預言者ーアラビア語版からの訳出ー

ねくたりん

【本文を読む前に】作品について

 本文に移る前に、ジブラーンの『預言者』がどのような作品であるか簡単にご紹介したいと思います。


■作品について

 本作品は、20世紀前半に、レバノン出身の文学者ジブラーン・ハリール・ジブラーン (1883-1931) によって書かれた散文詩です。ジブラーン自身の手によってアラビア語版(アラビア語題名: النبي An-Nabīy)と英語版 (英題:The Prophet) の2言語で発表されました。今回はそのうちのアラビア語版を和訳してみました。底本は Jibrān Khalīl Jibrān (2016) An-Nabīy, Ad-Dār l-Miṣrīya l-Lubnānīyaです。

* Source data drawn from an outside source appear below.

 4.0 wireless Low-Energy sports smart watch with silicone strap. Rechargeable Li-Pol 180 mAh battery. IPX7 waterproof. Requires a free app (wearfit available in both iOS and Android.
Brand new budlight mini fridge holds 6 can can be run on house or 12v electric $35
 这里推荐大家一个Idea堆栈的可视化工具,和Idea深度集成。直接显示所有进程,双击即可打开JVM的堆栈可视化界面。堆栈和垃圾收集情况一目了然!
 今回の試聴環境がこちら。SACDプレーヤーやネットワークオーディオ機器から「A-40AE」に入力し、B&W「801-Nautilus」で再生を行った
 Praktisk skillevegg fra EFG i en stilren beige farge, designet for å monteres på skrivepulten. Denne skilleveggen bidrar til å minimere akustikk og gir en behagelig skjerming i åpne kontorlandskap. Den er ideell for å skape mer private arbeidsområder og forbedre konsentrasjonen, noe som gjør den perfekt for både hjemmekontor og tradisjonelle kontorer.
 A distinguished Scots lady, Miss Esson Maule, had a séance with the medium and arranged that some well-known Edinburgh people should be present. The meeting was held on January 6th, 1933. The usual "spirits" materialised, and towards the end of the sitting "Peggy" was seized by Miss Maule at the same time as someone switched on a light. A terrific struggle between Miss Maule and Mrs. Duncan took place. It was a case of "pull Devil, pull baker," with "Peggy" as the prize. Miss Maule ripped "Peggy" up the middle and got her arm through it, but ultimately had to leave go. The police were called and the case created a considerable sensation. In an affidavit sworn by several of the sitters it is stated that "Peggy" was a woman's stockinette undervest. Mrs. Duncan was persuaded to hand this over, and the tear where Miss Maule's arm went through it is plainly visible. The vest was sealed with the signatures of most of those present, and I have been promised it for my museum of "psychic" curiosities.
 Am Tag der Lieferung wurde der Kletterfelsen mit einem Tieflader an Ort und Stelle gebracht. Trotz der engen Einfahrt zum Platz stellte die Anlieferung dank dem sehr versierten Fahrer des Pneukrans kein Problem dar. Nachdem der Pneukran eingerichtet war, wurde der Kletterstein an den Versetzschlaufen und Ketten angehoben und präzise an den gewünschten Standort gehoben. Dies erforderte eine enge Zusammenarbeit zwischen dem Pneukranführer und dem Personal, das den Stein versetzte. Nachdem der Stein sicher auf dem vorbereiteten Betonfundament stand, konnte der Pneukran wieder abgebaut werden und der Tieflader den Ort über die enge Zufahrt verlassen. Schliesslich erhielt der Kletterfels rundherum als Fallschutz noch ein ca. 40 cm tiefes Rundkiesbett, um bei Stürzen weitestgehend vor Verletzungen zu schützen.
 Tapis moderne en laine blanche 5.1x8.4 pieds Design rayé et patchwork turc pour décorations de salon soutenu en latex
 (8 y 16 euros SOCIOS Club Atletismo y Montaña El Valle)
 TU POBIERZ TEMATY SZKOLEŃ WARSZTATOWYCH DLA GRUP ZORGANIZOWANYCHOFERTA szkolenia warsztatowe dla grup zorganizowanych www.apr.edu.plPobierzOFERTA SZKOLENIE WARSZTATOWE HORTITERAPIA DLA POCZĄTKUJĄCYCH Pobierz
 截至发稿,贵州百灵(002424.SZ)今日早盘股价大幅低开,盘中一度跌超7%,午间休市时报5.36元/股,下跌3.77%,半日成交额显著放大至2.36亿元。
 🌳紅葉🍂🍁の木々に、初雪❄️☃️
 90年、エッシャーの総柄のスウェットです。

『預言者』は、ジブラーンの作品のうちでも世界的に知られており、これまでに30を超える言語に翻訳されています。確認出来た限りでは、小林薫氏による『プロフェット(予言者)』(1972)が、日本で最初の邦訳であるようです。上皇后美智子陛下も本作品を愛読されていたそうで、相談役の神谷美恵子氏(1914-1979、精神科医・エッセイスト)に紹介されています。神谷氏は、『預言者』を含むジブラーンの詩を日本語に翻訳し、1975年に雑誌『婦人之友』にそれらを連載しています。

 小林氏・神谷氏以外の和訳としては、これまでに


 佐久間彪『預言者』(1984)

 堀内利美『預言者アルムスタファは語る』(1993)

 有枝春『預言者のことば』(2008)

 船井幸雄『預言者』(2009)

 池央耿 『ザ・プロフェット』(2009)


 が発表されています。



■あらすじ

 舞台はオルファリーズという架空の港町。町の長老ムスタファーは、住民たちから敬愛されていました。彼自身は町の暮らしに順応する一方で、自分の生まれ故郷の離島に帰ることを切望していました。オルファリーズに来てから12年目の秋、ついに故郷の島へ向かう船便がやってきました。ムスタファーは喜ぶと同時に、町の人々と別れることを惜しみます。町の人々もムスタファーが行ってしまうのを悲しみ、彼を引き留めようとします。その時、群衆のなかから占い師のミトラが現れ、ムスタファーにこのようにお願いします。あなたが持っておられる教えを我々に説き明かしてくださいと。ムスタファーは求めに応じ、愛、結婚、子ども、与えること、飲食すること、仕事……、さらには宗教、死についての人生哲学を人々に教え諭します。


■作品成立の経緯

 前述の通り、本作品は、ジブラーン自らの手によってアラビア語版と英語版の2言語で発表されています。彼はまず自分の母語であるアラビア語で草稿を書き、その後英語に書き直しました。最初のアラビア語版草稿は、1898年、彼がわずか15歳の時に書きあげています。日本でいえば中学3年生程度の少年が、これほどまでに深く人生への洞察を持っていたとは驚きです。その後もジブラーンは本文に何度も推敲を重ねました。アラビア語の最終版がいつ頃確定したかは、調べてみたものの、分かりませんでした。

 英語版の最初の草稿は1910年に書かれ、アラビア語版同様何度も推敲が加えられました。1923年に最終版が確定し、米国のAlfred. A. Knopf社から "The Prophet" として出版されました。